It’s been an odd six months for Gran Tierra Energy (TSX:GTE)(NYSE:GTE). Shares are down 35% from September highs of $5, yet the company’s fundamentals continue to impress. So, while the stock hovers around decade-long lows, investors keep seeing headlines like this: “Gran Tierra Energy hits record production growth, expects more in 2019.”
At a time of impressive profitability and production, why is Gran Tierra trading like a bankruptcy candidate? Is insolvency an actual possibility in 2019?
Gran Tierra has always been a story of risk expectations
Recent exogenous events have increased the complexity of Gran Tierra’s investment story. In October, one of the company’s pipelines in Columbia was the target of an explosion, causing an oil spill and subsequent fire.
According to Reuters, “Colombia’s oil infrastructure is often the target of attacks by leftist guerrillas and other armed groups.” Political instability has, over the last decade, created severe volatility for Gran Tierra. Since 2009, 100% gains and 50% drops have been fairly typical for the company’s stock price.
At least historically, political tensions have always created terrific buying opportunities for Gran Tierra shares — as long as the fundamentals were able to support a comeback. Today, the fundamentals have seldom been better.
In 2018, the company expects to produce roughly $440 million in cash flow.

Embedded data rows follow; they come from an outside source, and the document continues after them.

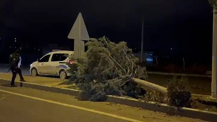 Fırtına nedeniyle ağaçlar devrilirken, tabelalar söküldü, araçlarda hasar oluştu.
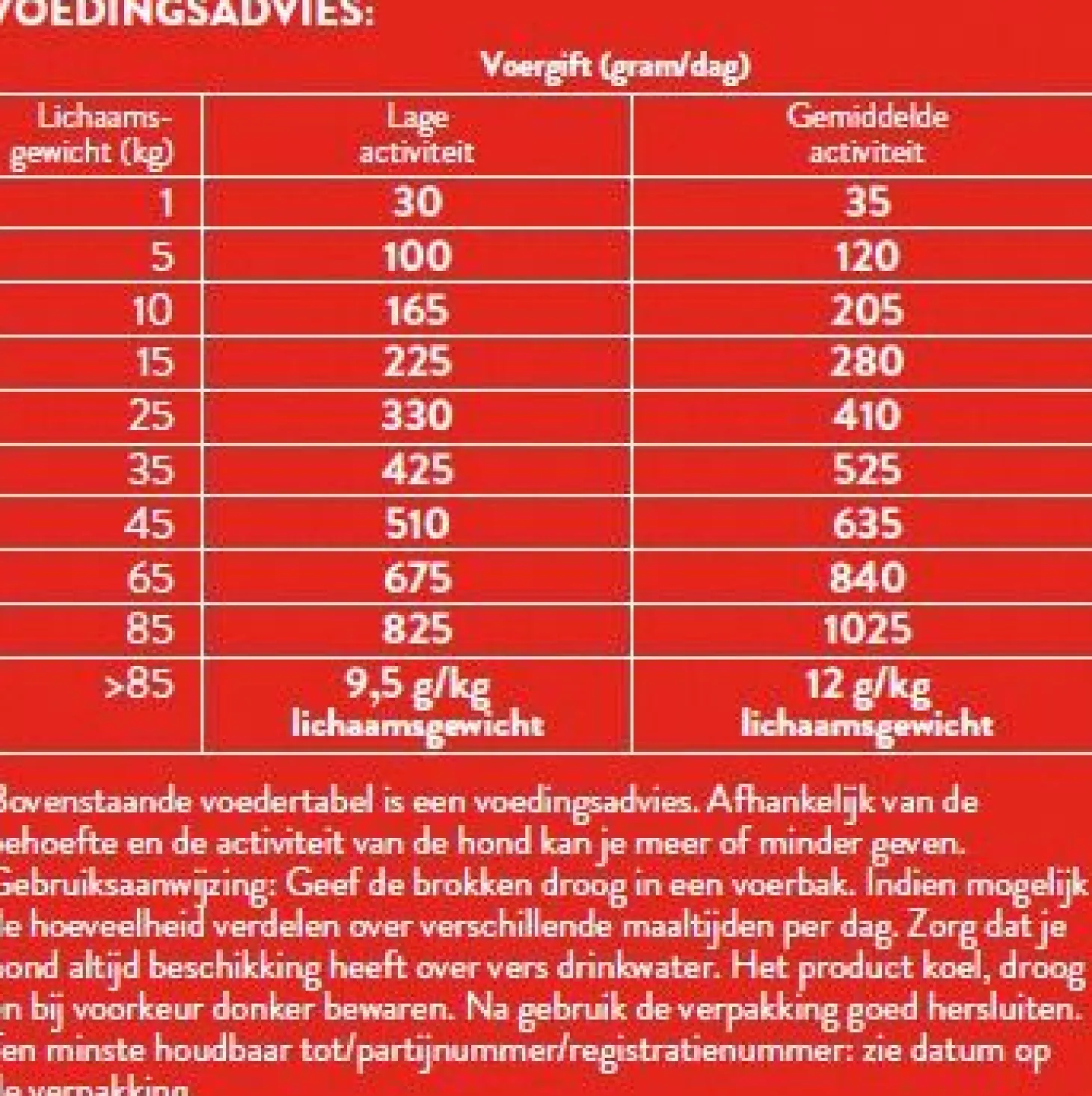 Ons voedingstabel op de verpakking is een voedingsadvies. Afhankelijk van de behoefte en de activiteit van de hond kan je meer of minder geven. Gebruiksaanwijzing: Geef de brokken droog in een voerbak. Indien mogelijk de hoeveelheid verdelen over verschillende maaltijden per dag. Zorg dat je hond altijd beschikking heeft over vers drinkwater. Het product koel, droog en bij voorkeur donker bewaren.
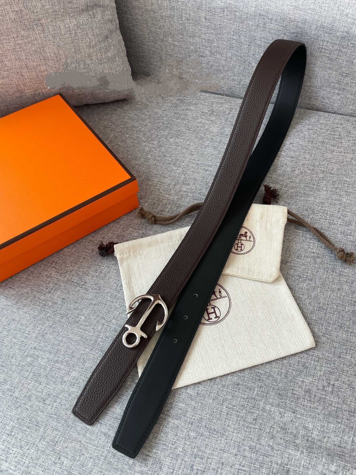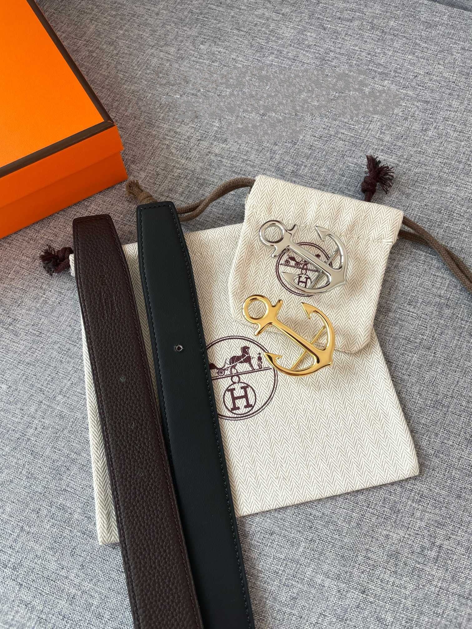• H Buckle in permabrass plated metal.
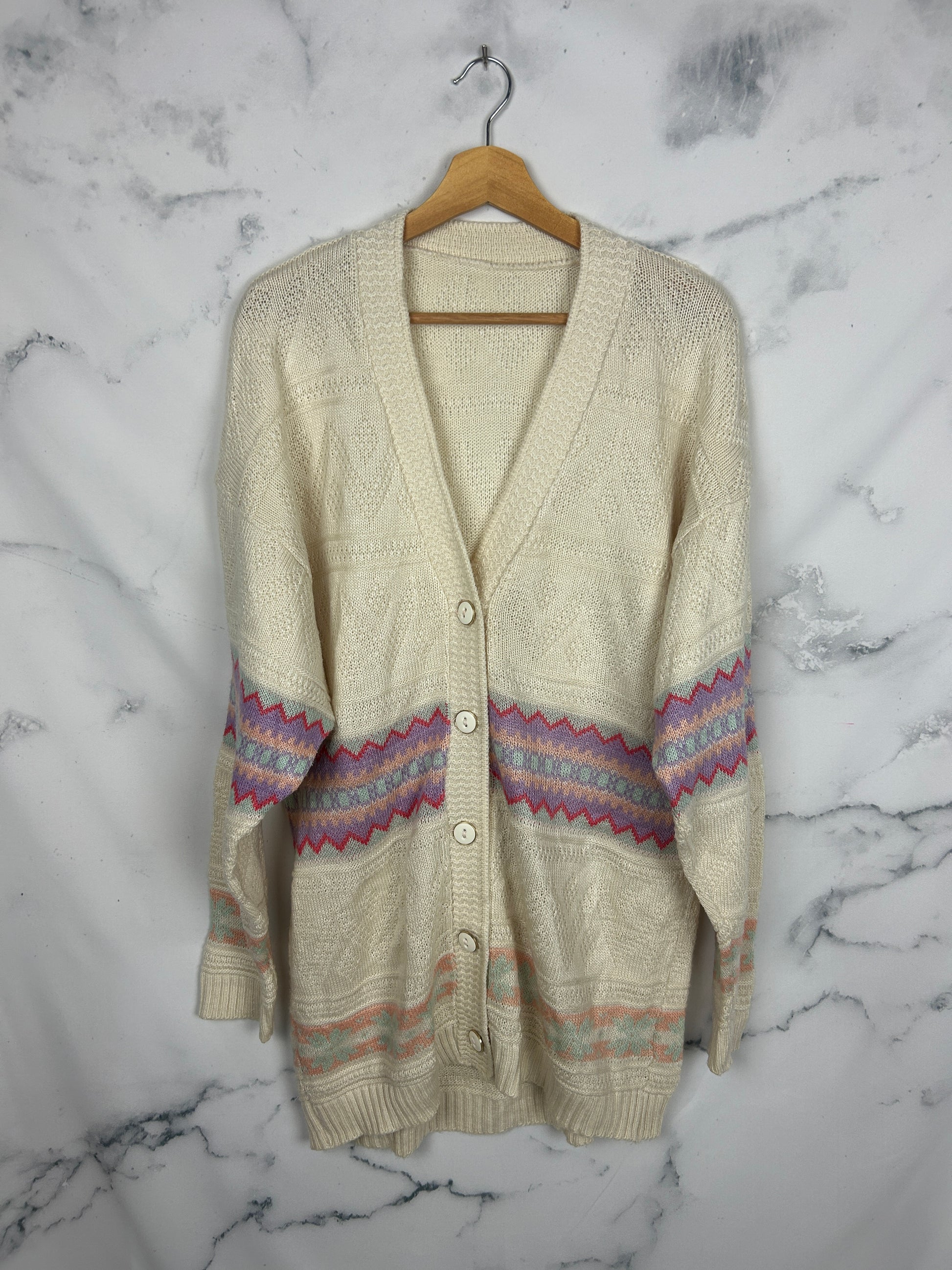 Maxi cárdigan vintage en blanco roto con bonitos botones
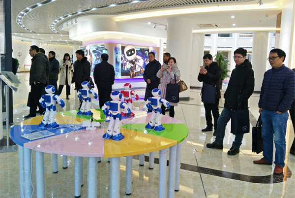 上午合作簽約儀式結束后,在園區工作人員的帶領下,與會教師參觀了高科技互動體驗展廳、臨沂智慧教育創客活動中心,在臨沂智慧教育創客中心,大家對充滿科技感的互動體驗充滿了興趣,紛紛在VR海底世界、 VR人體奧秘、智能機器人前駐足體驗高科技帶來的新奇,并對拓普網絡有限公司的科技實力給予高度評價。
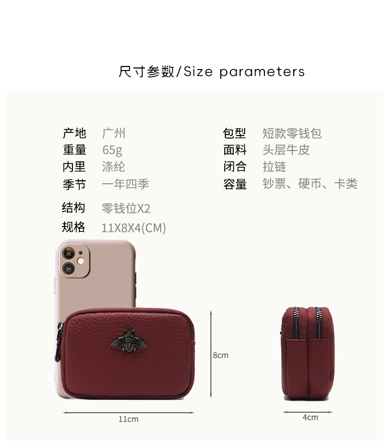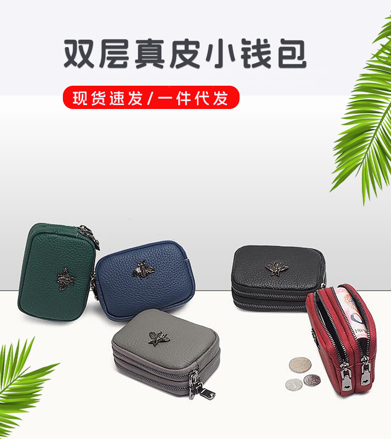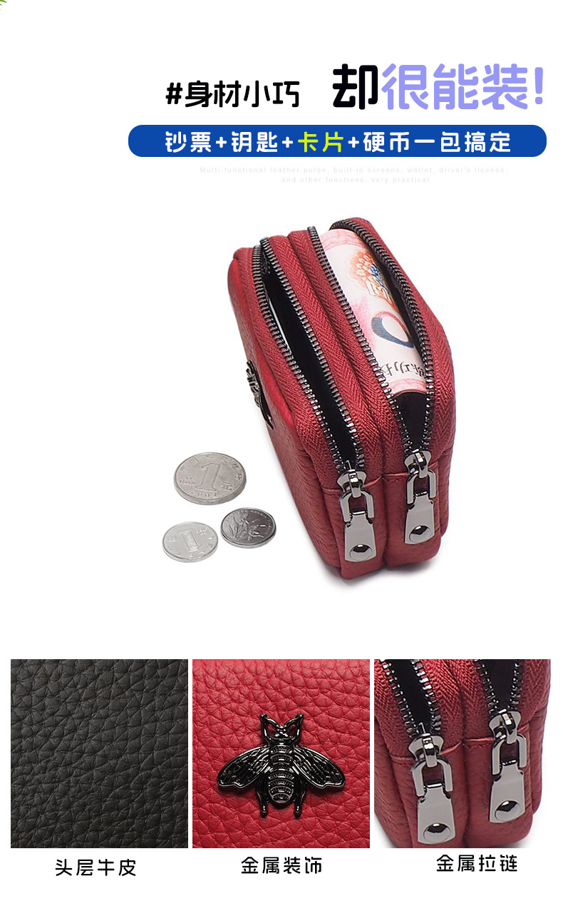 여성을위한 스팟 유럽과 미국 스타일의 정품 가죽 동전 지갑 더블 지퍼 소 가죽 키 가방 휴대용 귀여운 동전 보관 가방 도매스토어 가기

By 2019, management expects cash flow to rise to $480 million. With a market cap of just $1.2 billion, Gran Tierra currently trades at less than three times this year’s cash flow. Impressively, these results have been achieved with very little leverage. By the end of 2018, the company had just $420 million in net debt, significantly less than many of its peers.
Unless there’s a systemic effort to destroy Gran Tierra’s asset base, bankruptcy isn’t in the cards for 2019.

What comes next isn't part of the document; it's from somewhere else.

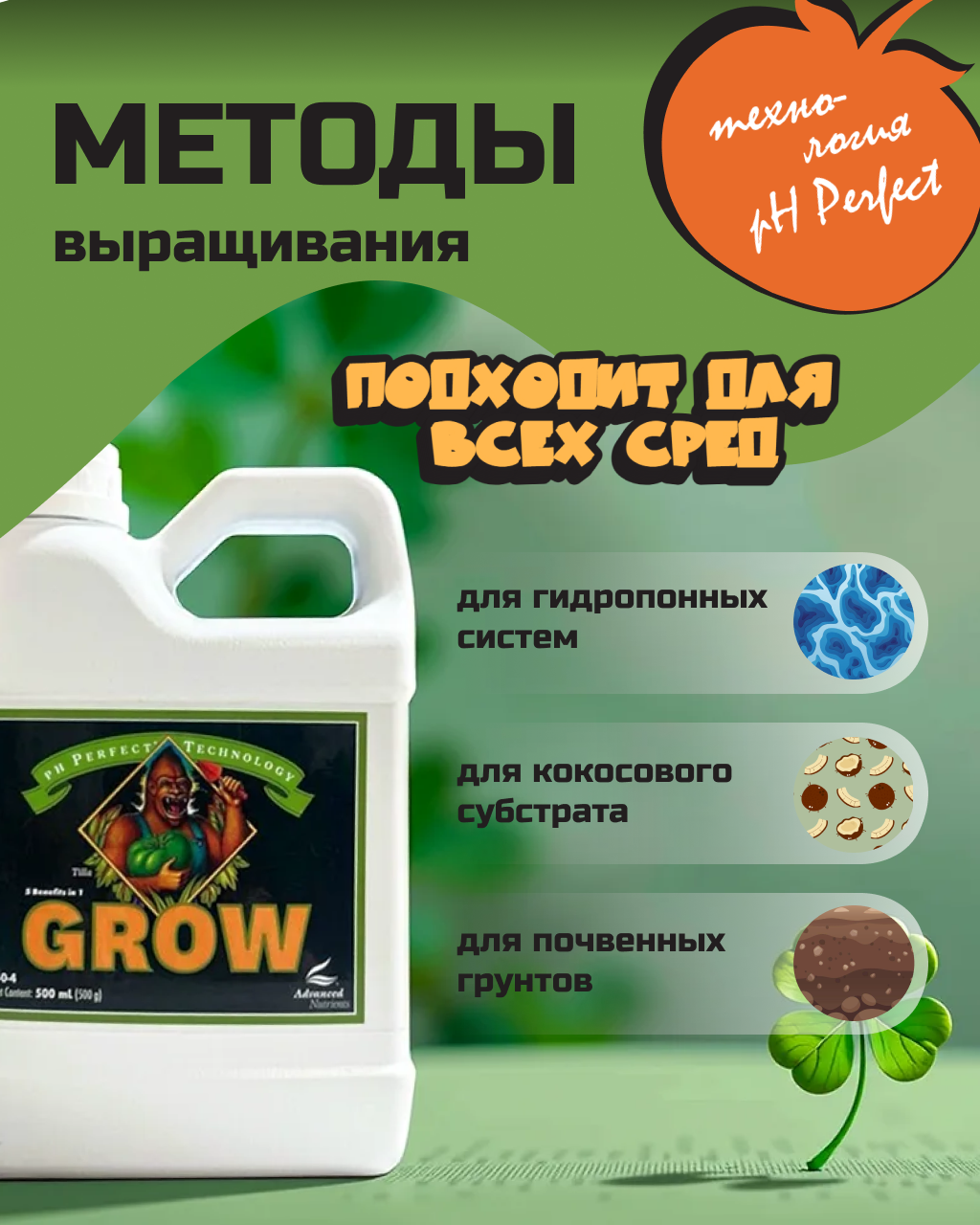 Это трехчастное удобрение можно использовать как при выращивании в почве или торфе, так и при выращивании методом капельного орошения или периодического затопления, а также в гидропонических системах.

A healthy business at bankruptcy prices
Let’s do some math to figure out what Gran Tierra’s share price should be, minus the political tensions.
A reserve is considered “proved” if 90% or more of the resource is both recoverable and economically profitable. Companies typically separate their reporting into P1 reserves and P2 reserves. P1 reserves are more conservative and include only fully “proved” reserves. P2 reserves are more comprehensive, as they include both “proved” and “probable” reserves but make some extra assumptions.
Using a 10% discount rate, Gran Tierra’s P1 reserves have a current value of $1.9 billion. Subtracting the firm’s roughly $400 million in net debt results in a value of $1.5 billion, 25% more than the current share price. So, using the most conservative estimates available, shares appear underpriced.
Including “probable” reserves widens the discount further. Using P2 reserves, Gran Tierra’s reserve base is worth about $3.4 billion. After accounting for net debt, that values the company at $3 billion, nearly three times the current share price!
It’s difficult to justify Gran Tierra’s discounted valuation without considering external pressures. When political unrest takes a temporary backseat, expect Gran Tierra’s share price to recover strongly. History suggests this comeback could come rather suddenly.